TASK DETAILS: Each line below should be retyped exactly, with no pictures.

Stored items from a collection
=== Section Start ===
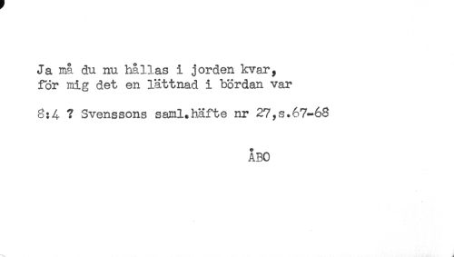 //// Ja nå du nu hållas i jorden kvar, //// för mig det en lättnad i bördan var //// 8:4 ? Svenssons saml.häfte nr 27,s.67-68 //// ÅBO ////
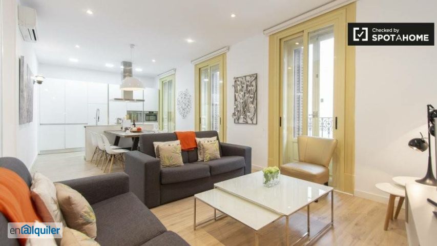 Este espacioso apartamento de 2 dormitorios en Sol, Madrid, ofrece una combinación de comodidad y conveniencia. Está completamente amueblado y equipado con electrodomésticos modernos para una experiencia de vida sin preocupaciones. Entre sus características principales se incluyen aire acondicionado individual, lavadora, lavavajillas, horno y TV. La propiedad exterior también cuenta con un balcón, un espacio ideal para relajarse. Spotahome lo revisa personalmente para garantizar la información verificada y la calidad. Ubicado en el vibrante barrio de Sol, el apartamento se encuentra cerca de numerosos lugares de interés, como la Puerta del Sol, el Kilómetro Zero, la Plaza del Carmen y la Estación de Renfe de Sol, a poca distancia a pie. Su ubicación privilegiada permite a los residentes disfrutar plenamente de la dinámica cultura y el estilo de vida madrileños.
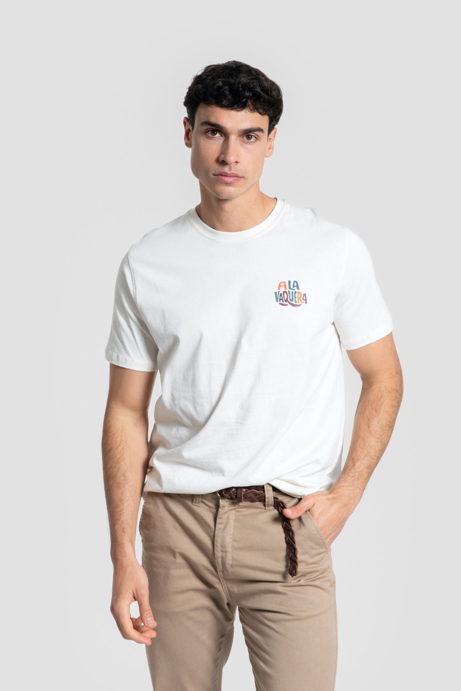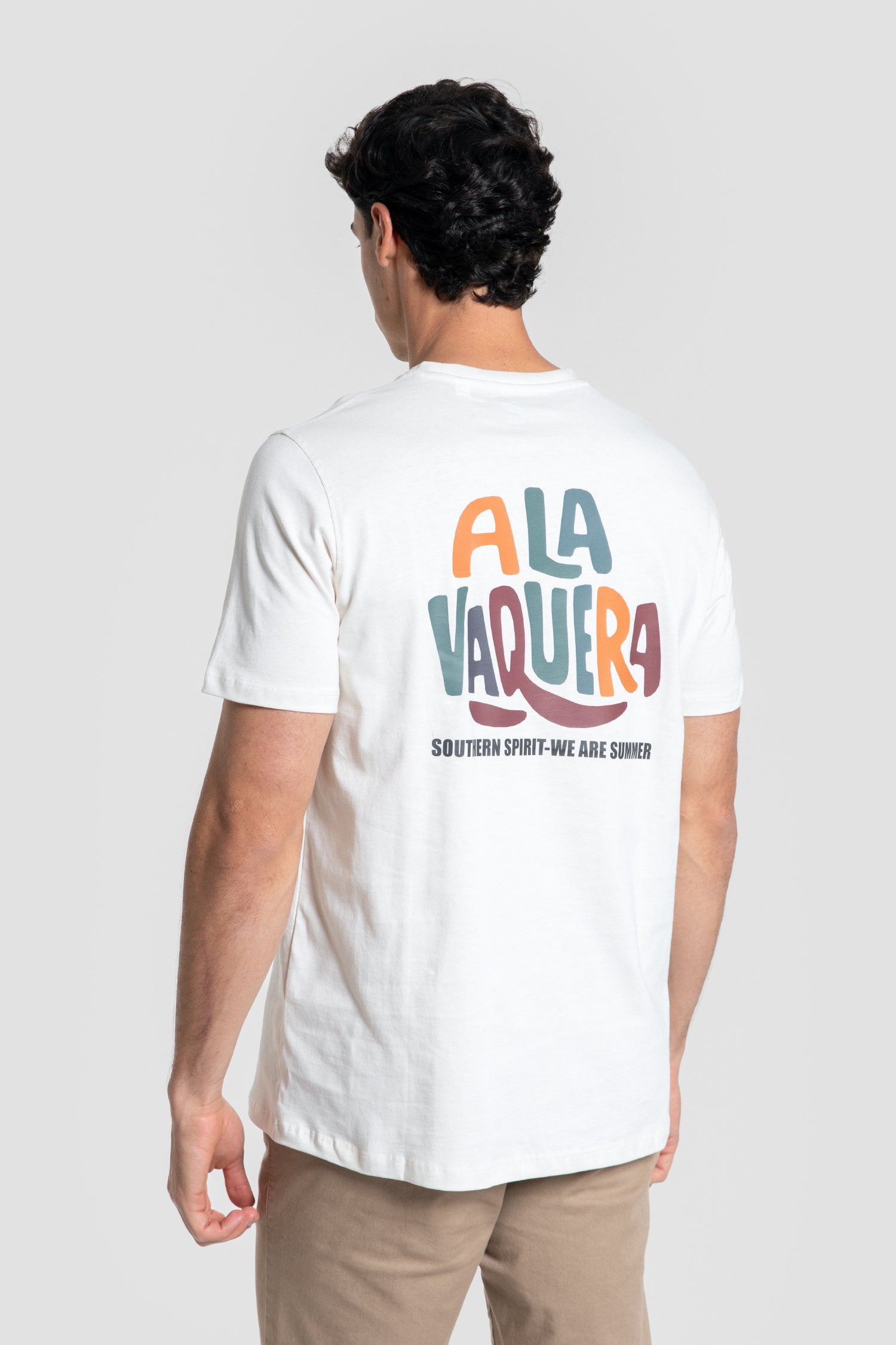 Camiseta oversize en tono crudo con estampado trasero exclusivo de A La Vaquera. Su diseño combina tipografía en contraste y colores vibrantes que aportan personalidad y ese aire desenfadado que define nuestra esencia.
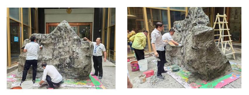 2024年6月,中泰商管團隊在雕塑老師的指導(dǎo)下,公司自己買物料、自己焊接假山骨架,配合老師打磨修改,一座形象逼真的假山很快就屹立在商場3號門外,為公司節(jié)約了開支,又增添了文化氛圍。
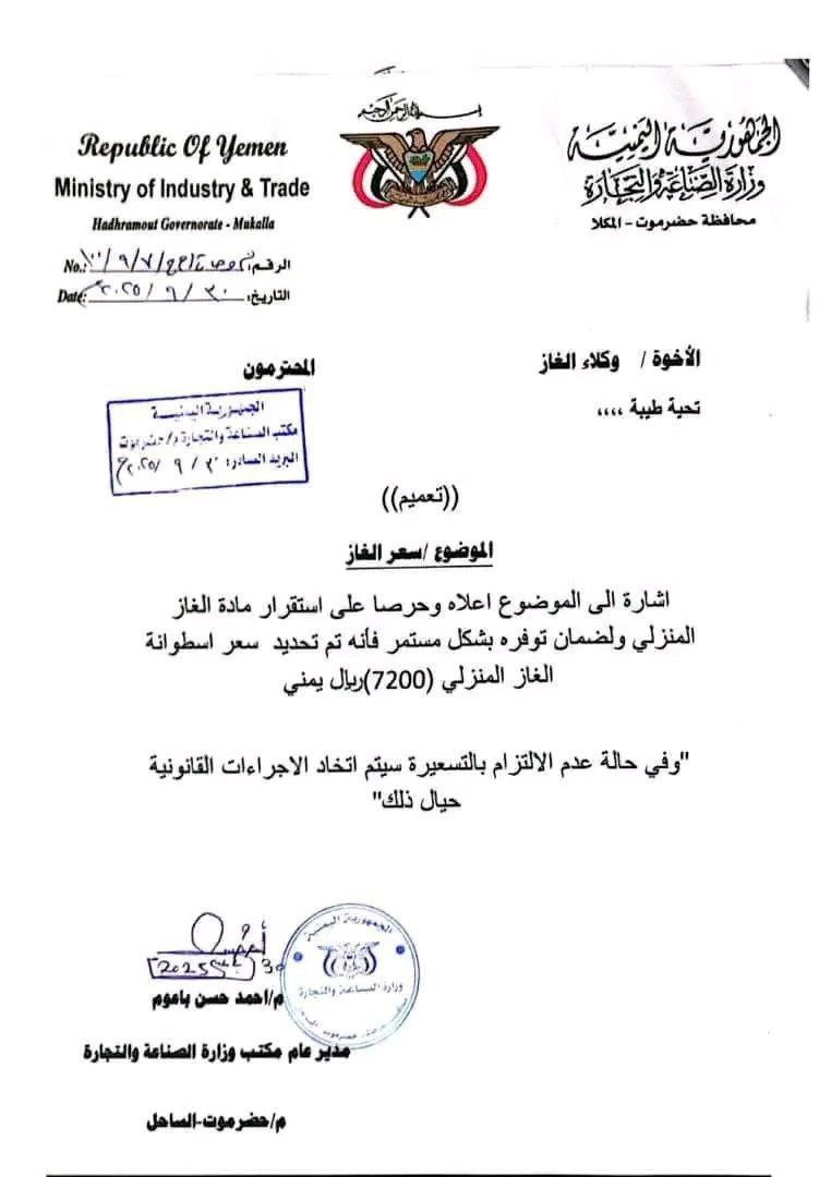 فرضت السلطات التابعة للتحالف في محافظة حضرموت، جرعة جديدة في أسعار الغاز المنزلي، استجابة لوكلاء توزيع الغاز، وسط تجاهلها لمطالب المعلمين الذين يواصلون إضرابهم منذ بداية العام الدراسي للمطالبة بتحسين أوضاعهم المعيشية.
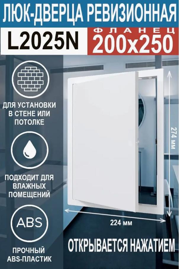 Люк ревизионный Evecs L2025N c фланцем 200х250 мм, нажимной, белый ABS-пластик (224х274 мм)
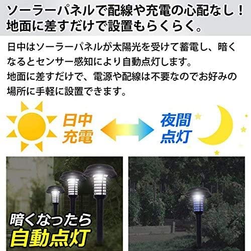 【殺虫器&照明ライト】この製品は電撃殺虫器ですけど、庭、裏庭など照明としていいです。優しいライト光で庭や小道、ガーデニング空間を照らし、省エネルギータイプのいい照明らいとです。そして、地面に挿すだけで、電源や配線は不要なのでお好みの場所に手軽に設置できます。
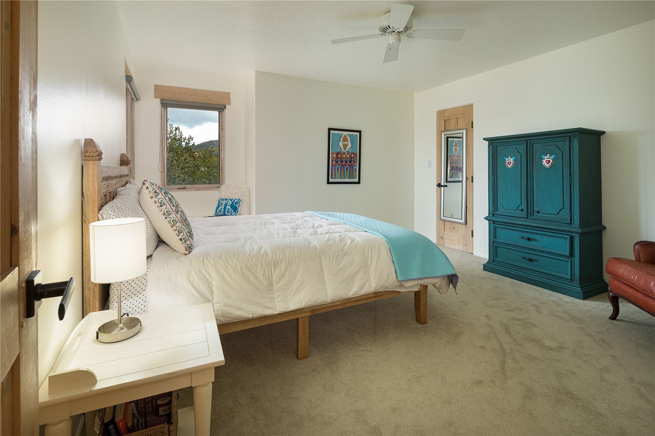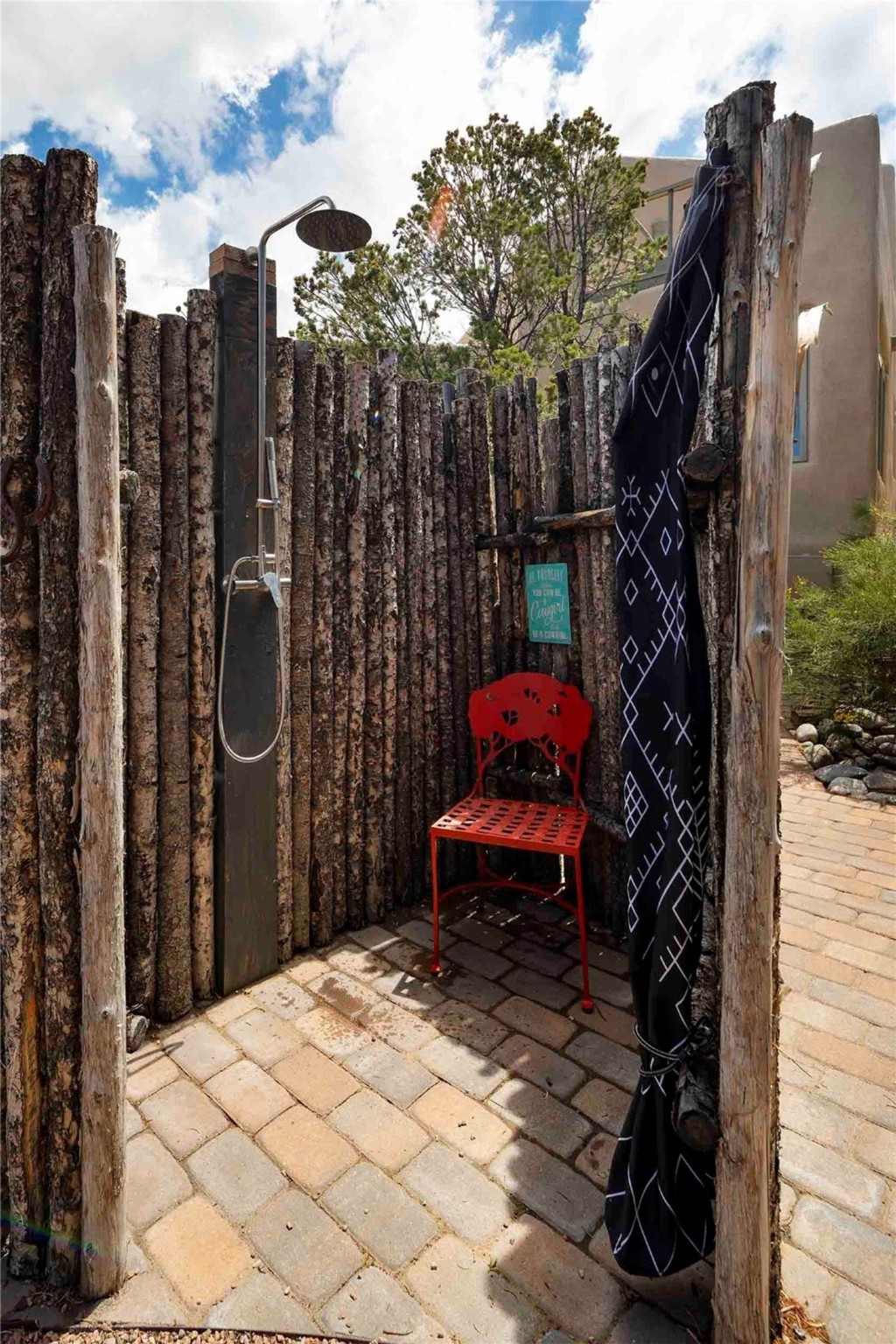 Set in the North Hills above Historic downtown Santa Fe, this serene, sophisticated home is an expressive mix of Soft Contemporary and Traditional styles. Gorgeous hardwood floors sweep from the foyer through the living/dining area with its double-sided kiva fireplace and adjacent deck. The kitchen continues the home's handsome palette with chocolate-colored countertops, maple cabinets and a sun-bathed alcove for casual meals. A few steps down from the kitchen is a den, with adjacent Laundry/Mudroom and double-door access to the sheltered back patio. A sleek, custom staircase leads to the home's four bedrooms. A soothing sanctuary, the Primary bedroom has a coved ceiling, fireplace, private view deck and ensuite, remodeled bath with walk-in, glass-walled shower. In the back garden, a moss rock wall borders an expansive, paver patio, with water feature. The atmosphere turns magical as the path glides toward the lower garden with its outdoor shower and hot tub. A new, high-efficiency boiler, solar and on-demand hot water heater add to the appeal of this refined offering. Residents of the Estancia Primera community enjoy an outdoor pool, tennis courts, and clubhouse. Walking trails enable quick access to downtown. Hiking trails and the Ski Basin are a short drive away.
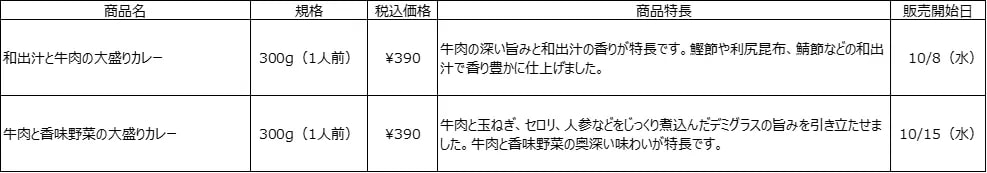 今回、1食300グラムの大盛りサイズのカレーのラインナップを拡充し、「和出汁と牛肉の大盛りカレー」と「牛肉と香味野菜の大盛りカレー」の2種を発売するという。
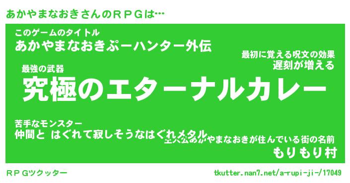 | 料理風あだ名 | 『節約★あかやまなおきと油揚げの玉子丼』 |
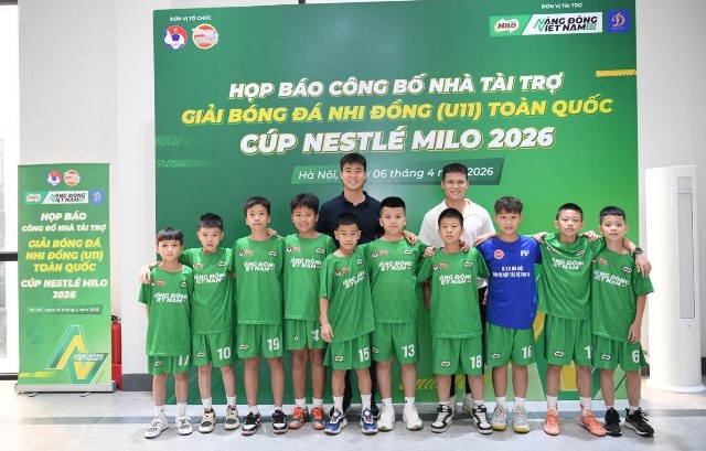 Hai tuyển thủ Đội tuyển bóng đá Quốc gia Việt Nam Đỗ Duy Mạnh và Phạm Tuấn Hải cùng các cầu thủ nhí tại Lễ công bố Giải Bóng đá Nhi đồng (U11) Toàn quốc Cúp Nestlé MILO 2026
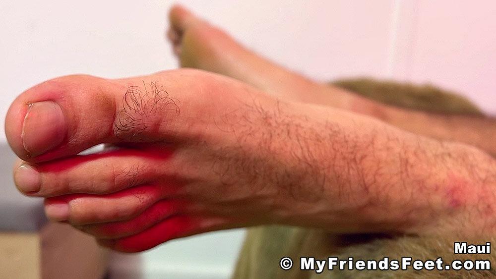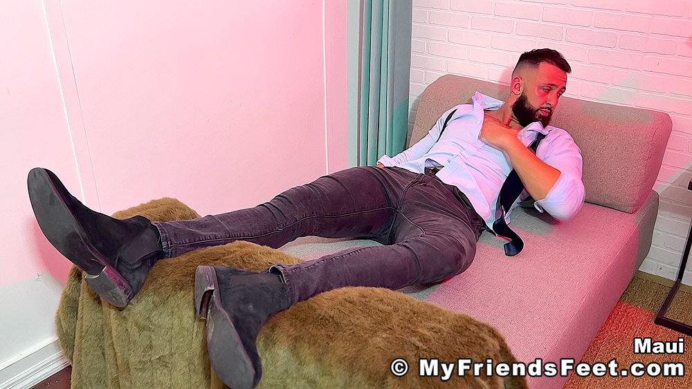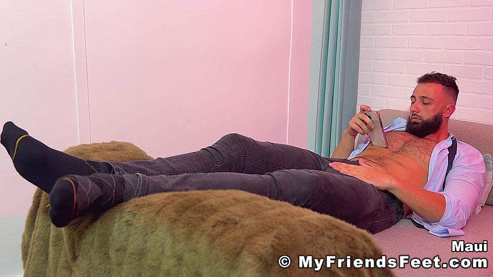 “Cum spy on Maui as he relaxes from his day. We get so close to those enormous size 13 feet, you could almost sniff and lick his soles through the screen. His wandering fingers lead him to some porn on his phone which he is more than happy to start stroking to as well. Maui was definitely horned up because he shoots quite an impressive load all over that beautiful stomach of his! Stroke away Maui! Stroke away!”
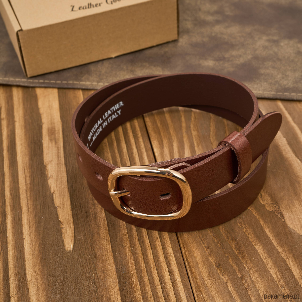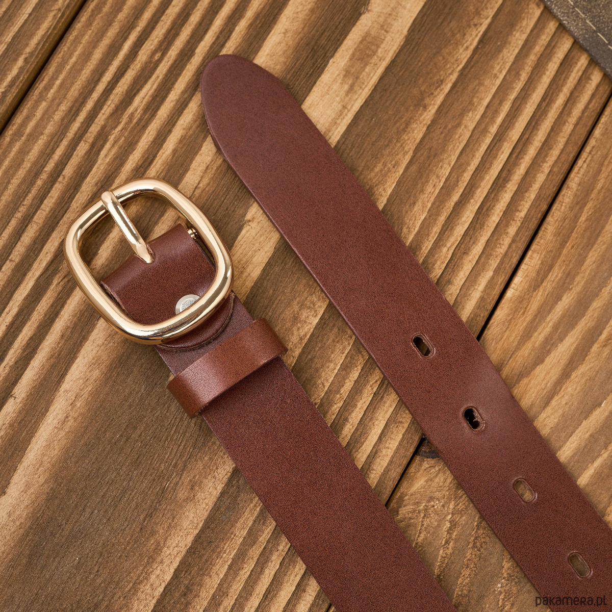 Skórzany pasek damski ciemno brązowy ze złotą klamrą - klasyczna elegancja w modnym wydaniu
=== Section End ===
RESPONSE:
 //// Ja nå du nu hållas i jorden kvar, //// för mig det en lättnad i bördan var //// 8:4 ? Svenssons saml.häfte nr 27,s.67-68 //// ÅBO ////
 Este espacioso apartamento de 2 dormitorios en Sol, Madrid, ofrece una combinación de comodidad y conveniencia. Está completamente amueblado y equipado con electrodomésticos modernos para una experiencia de vida sin preocupaciones. Entre sus características principales se incluyen aire acondicionado individual, lavadora, lavavajillas, horno y TV. La propiedad exterior también cuenta con un balcón, un espacio ideal para relajarse. Spotahome lo revisa personalmente para garantizar la información verificada y la calidad. Ubicado en el vibrante barrio de Sol, el apartamento se encuentra cerca de numerosos lugares de interés, como la Puerta del Sol, el Kilómetro Zero, la Plaza del Carmen y la Estación de Renfe de Sol, a poca distancia a pie. Su ubicación privilegiada permite a los residentes disfrutar plenamente de la dinámica cultura y el estilo de vida madrileños.
 Camiseta oversize en tono crudo con estampado trasero exclusivo de A La Vaquera. Su diseño combina tipografía en contraste y colores vibrantes que aportan personalidad y ese aire desenfadado que define nuestra esencia.
 2024年6月,中泰商管團隊在雕塑老師的指導(dǎo)下,公司自己買物料、自己焊接假山骨架,配合老師打磨修改,一座形象逼真的假山很快就屹立在商場3號門外,為公司節(jié)約了開支,又增添了文化氛圍。
 فرضت السلطات التابعة للتحالف في محافظة حضرموت، جرعة جديدة في أسعار الغاز المنزلي، استجابة لوكلاء توزيع الغاز، وسط تجاهلها لمطالب المعلمين الذين يواصلون إضرابهم منذ بداية العام الدراسي للمطالبة بتحسين أوضاعهم المعيشية.
 Люк ревизионный Evecs L2025N c фланцем 200х250 мм, нажимной, белый ABS-пластик (224х274 мм)
 【殺虫器&照明ライト】この製品は電撃殺虫器ですけど、庭、裏庭など照明としていいです。優しいライト光で庭や小道、ガーデニング空間を照らし、省エネルギータイプのいい照明らいとです。そして、地面に挿すだけで、電源や配線は不要なのでお好みの場所に手軽に設置できます。
 Set in the North Hills above Historic downtown Santa Fe, this serene, sophisticated home is an expressive mix of Soft Contemporary and Traditional styles. Gorgeous hardwood floors sweep from the foyer through the living/dining area with its double-sided kiva fireplace and adjacent deck. The kitchen continues the home's handsome palette with chocolate-colored countertops, maple cabinets and a sun-bathed alcove for casual meals. A few steps down from the kitchen is a den, with adjacent Laundry/Mudroom and double-door access to the sheltered back patio. A sleek, custom staircase leads to the home's four bedrooms. A soothing sanctuary, the Primary bedroom has a coved ceiling, fireplace, private view deck and ensuite, remodeled bath with walk-in, glass-walled shower. In the back garden, a moss rock wall borders an expansive, paver patio, with water feature. The atmosphere turns magical as the path glides toward the lower garden with its outdoor shower and hot tub. A new, high-efficiency boiler, solar and on-demand hot water heater add to the appeal of this refined offering. Residents of the Estancia Primera community enjoy an outdoor pool, tennis courts, and clubhouse. Walking trails enable quick access to downtown. Hiking trails and the Ski Basin are a short drive away.
 今回、1食300グラムの大盛りサイズのカレーのラインナップを拡充し、「和出汁と牛肉の大盛りカレー」と「牛肉と香味野菜の大盛りカレー」の2種を発売するという。
 | 料理風あだ名 | 『節約★あかやまなおきと油揚げの玉子丼』 |
 Hai tuyển thủ Đội tuyển bóng đá Quốc gia Việt Nam Đỗ Duy Mạnh và Phạm Tuấn Hải cùng các cầu thủ nhí tại Lễ công bố Giải Bóng đá Nhi đồng (U11) Toàn quốc Cúp Nestlé MILO 2026
 “Cum spy on Maui as he relaxes from his day. We get so close to those enormous size 13 feet, you could almost sniff and lick his soles through the screen. His wandering fingers lead him to some porn on his phone which he is more than happy to start stroking to as well. Maui was definitely horned up because he shoots quite an impressive load all over that beautiful stomach of his! Stroke away Maui! Stroke away!”
 Skórzany pasek damski ciemno brązowy ze złotą klamrą - klasyczna elegancja w modnym wydaniu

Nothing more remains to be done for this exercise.